Damian Kevitt, the hit-and-run crime survivor who founded Finish the Ride, welcomed the city’s latest efforts to shed its notoriety as “the hit-and-run capital of the United States.” Kevitt encouraged drivers to “have some dignity” and always remain at the scene of a collision. Finish the Ride will be hosting its Ride, Run, Walk n’ Roll event on April 19. The annual race raises funds for Finish the Ride’s advocacy efforts toward preventing hit-and-runs and making streets safe for all.

  • Salts

    Typical city council…why do something to prevent hit-and-runs (like slow streets down, physically separate bicyclists from motorists) when you can offer a large sum of money to catch the crook that leaves someone else for dead?

    It is very hard to be happy about this when the same council members that unanimously voted for this will block measures like road diets.

  • Alex Brideau III

    I suppose it’s a start … but that’s all it is: a start. You’re right that the Council needs to ensure our streets are better engineered to improve safety for those of us not in cars. Catching hit-and-run offenders is good, but it’s better to have roadways that limit the number of collisions in the first place.

  • GlobalLA

    You’re not looking at the root cause. Why are we having so many hit and runs? Addressing roadways is nothing but a patch fix.

  • GlobalLA

    Road diets is not the complete answer. It’s a band-aid fix. You’re just like the city council, not addressing the root cause. Why are we having so many hit and runs? Ask yourself the 5 whys. I say part of it is the quasi-legal system we have of licensed legal and illegal immigrants drivers in our public roads. Another part are the characteristics of enforcement on our sprawling roads.
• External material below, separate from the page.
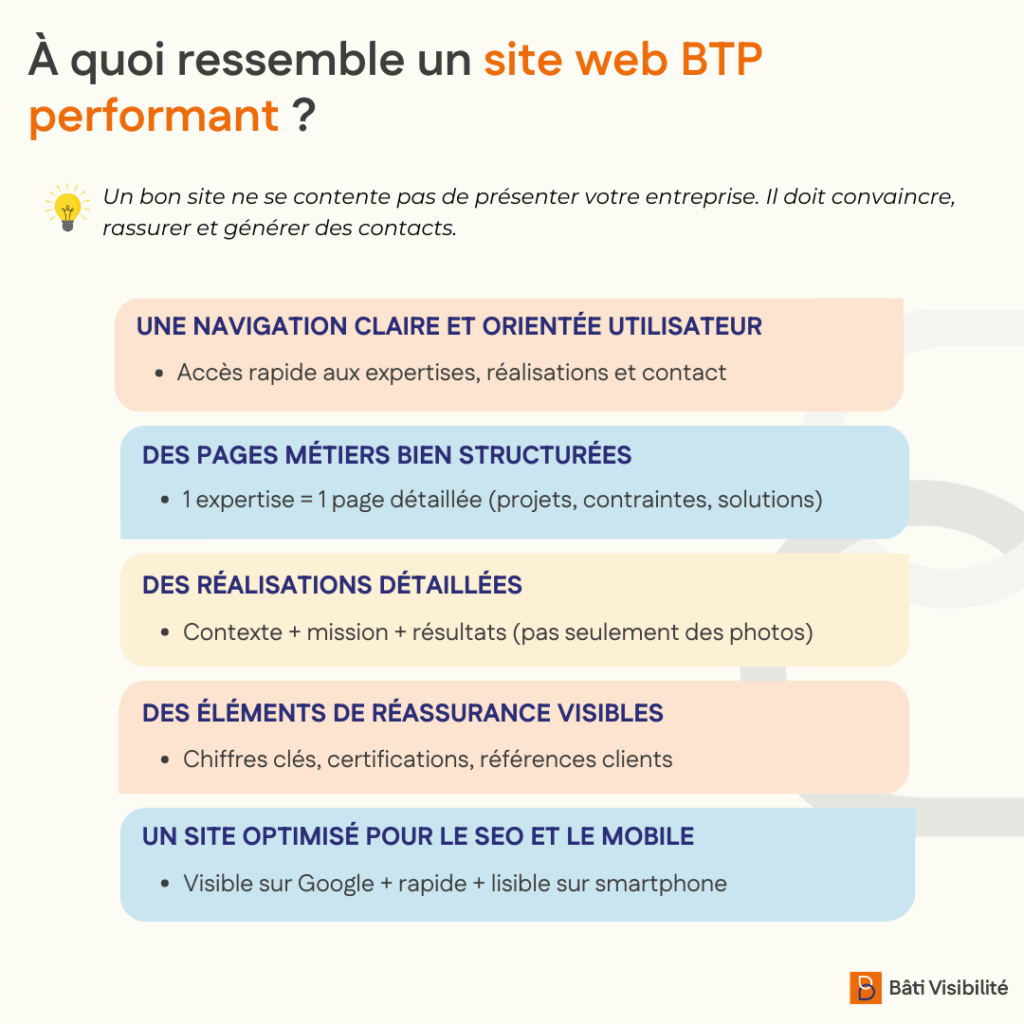 Une grande partie des visites se fait aujourd’hui sur smartphone. Dans le BTP, cette réalité est encore plus forte car les utilisateurs consultent souvent les sites entre deux rendez-vous, en déplacement ou sur chantier. Si le site est lent ou peu lisible, il peut perdre rapidement l’attention du visiteur.

So please, this isn’t just road diets…

  • Salts

    Road diet is not complete answer but when a street is designed to prioritize speed over safety is it little wonder that people get run over? There are too many streets to have adequate enforcement around the clock. If streets prioritized bicycle and pedestrian safety there would be far fewer hit and runs and there would be far fewer people driving in the first place.

  • Salts

    “…the number of hit-and-runs have also decreased drastically on York Boulevard between Eagle Rock Boulevard and Avenue 54 since the road diet was implemented.”

    https://ladotbikeblog.wordpress.com/2013/08/06/york-blvd-road-diet-traffic-safety-analysis/

  • Salts

    Yes, it’s a start, we do need to change how we treat hit and runs. It is a serious crime and glad city is doing something but… as you say, it’s better to have roadways that limit number of collisions in first place.

  • GlobalLA

    Understand what you are saying but you are still only looking at a tiny part of the equation. For example, WHY don’t we have more priorities on people instead of cars? Could it be the spatial arrangements of cars, buildings, and people? Can it be because we have prioritized cars due to sprawl? You know, road diets work better it seems when we also create dense walkable areas that cater to people.

    There’s a reason why roads are clogged with cars in the first place. It’s called segregated land-use policies and sprawl. With this framework people are heavily dependent on cars and one unintended consequence, it seems, is the social disconnect associated with it. Hit and runs is symptomatic to this and is also exacerbated when you have illegals (licensed or not) trying to avoid further financial or legal troubles when a car is hit.

    Nice try with the road diets. That seems like a solution by “design”. What’s not mitigated by that however is people’s reliance on cars to get to where they need to go. Shrinking roadways or what not is a draconian solution when implemented as a stand-alone tactic.